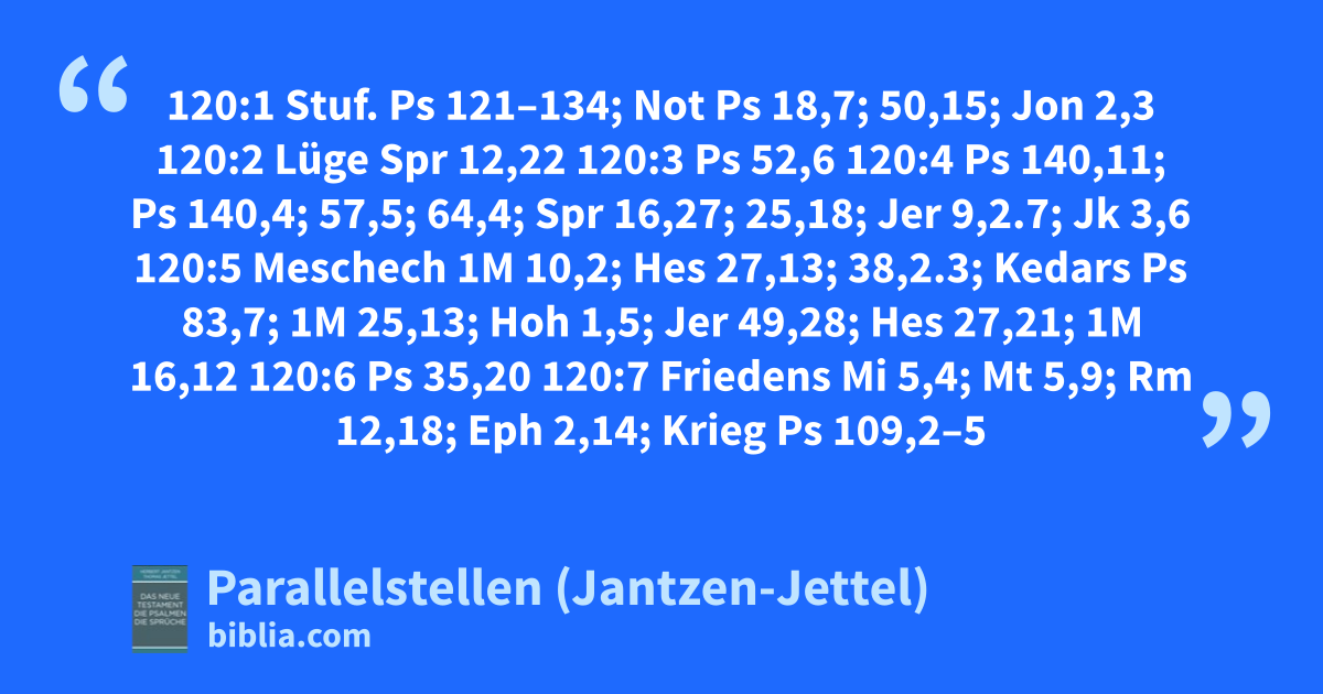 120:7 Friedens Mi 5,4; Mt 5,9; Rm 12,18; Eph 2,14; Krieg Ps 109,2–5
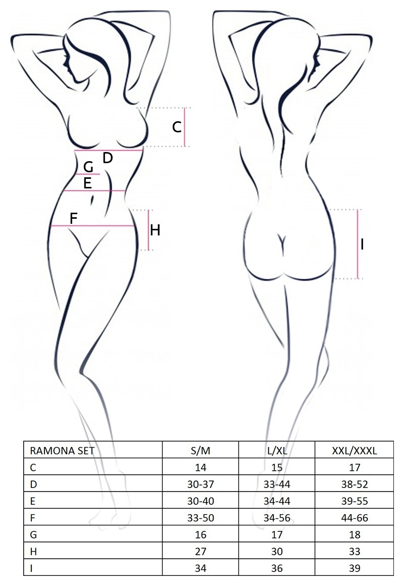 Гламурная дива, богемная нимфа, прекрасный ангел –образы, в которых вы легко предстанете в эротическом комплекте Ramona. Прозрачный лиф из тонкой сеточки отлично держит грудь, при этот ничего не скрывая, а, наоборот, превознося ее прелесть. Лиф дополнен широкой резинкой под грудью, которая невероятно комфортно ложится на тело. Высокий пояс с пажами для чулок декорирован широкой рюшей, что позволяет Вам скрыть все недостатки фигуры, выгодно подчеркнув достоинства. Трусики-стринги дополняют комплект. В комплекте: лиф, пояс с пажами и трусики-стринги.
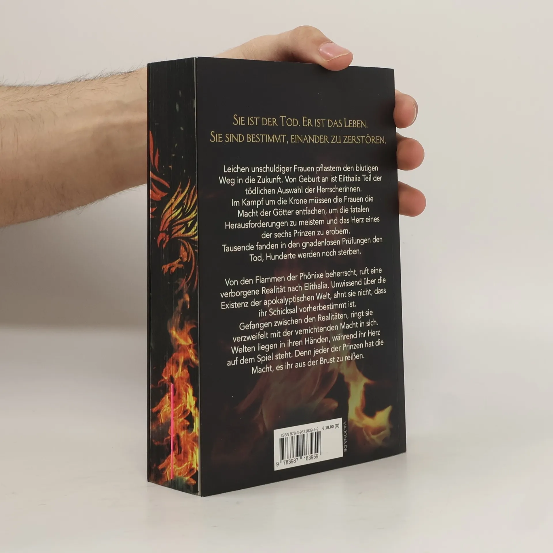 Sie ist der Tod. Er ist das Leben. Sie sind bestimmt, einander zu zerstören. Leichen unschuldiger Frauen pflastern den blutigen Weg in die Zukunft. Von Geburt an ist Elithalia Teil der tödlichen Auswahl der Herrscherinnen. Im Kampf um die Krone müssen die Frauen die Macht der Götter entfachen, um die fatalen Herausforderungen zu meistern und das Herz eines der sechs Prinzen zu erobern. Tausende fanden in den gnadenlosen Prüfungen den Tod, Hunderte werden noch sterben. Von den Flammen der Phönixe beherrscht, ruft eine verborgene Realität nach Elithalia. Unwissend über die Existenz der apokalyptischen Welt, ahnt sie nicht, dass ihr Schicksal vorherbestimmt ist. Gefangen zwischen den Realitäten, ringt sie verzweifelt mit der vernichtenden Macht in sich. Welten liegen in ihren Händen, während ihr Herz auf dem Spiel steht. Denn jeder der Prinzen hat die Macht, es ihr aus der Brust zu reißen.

> **Work to be completed**:
The data above must be written out again word for word, without its pictures.

> **Solution for this problem**:
 120:7 Friedens Mi 5,4; Mt 5,9; Rm 12,18; Eph 2,14; Krieg Ps 109,2–5
 Гламурная дива, богемная нимфа, прекрасный ангел –образы, в которых вы легко предстанете в эротическом комплекте Ramona. Прозрачный лиф из тонкой сеточки отлично держит грудь, при этот ничего не скрывая, а, наоборот, превознося ее прелесть. Лиф дополнен широкой резинкой под грудью, которая невероятно комфортно ложится на тело. Высокий пояс с пажами для чулок декорирован широкой рюшей, что позволяет Вам скрыть все недостатки фигуры, выгодно подчеркнув достоинства. Трусики-стринги дополняют комплект. В комплекте: лиф, пояс с пажами и трусики-стринги.
 Sie ist der Tod. Er ist das Leben. Sie sind bestimmt, einander zu zerstören. Leichen unschuldiger Frauen pflastern den blutigen Weg in die Zukunft. Von Geburt an ist Elithalia Teil der tödlichen Auswahl der Herrscherinnen. Im Kampf um die Krone müssen die Frauen die Macht der Götter entfachen, um die fatalen Herausforderungen zu meistern und das Herz eines der sechs Prinzen zu erobern. Tausende fanden in den gnadenlosen Prüfungen den Tod, Hunderte werden noch sterben. Von den Flammen der Phönixe beherrscht, ruft eine verborgene Realität nach Elithalia. Unwissend über die Existenz der apokalyptischen Welt, ahnt sie nicht, dass ihr Schicksal vorherbestimmt ist. Gefangen zwischen den Realitäten, ringt sie verzweifelt mit der vernichtenden Macht in sich. Welten liegen in ihren Händen, während ihr Herz auf dem Spiel steht. Denn jeder der Prinzen hat die Macht, es ihr aus der Brust zu reißen.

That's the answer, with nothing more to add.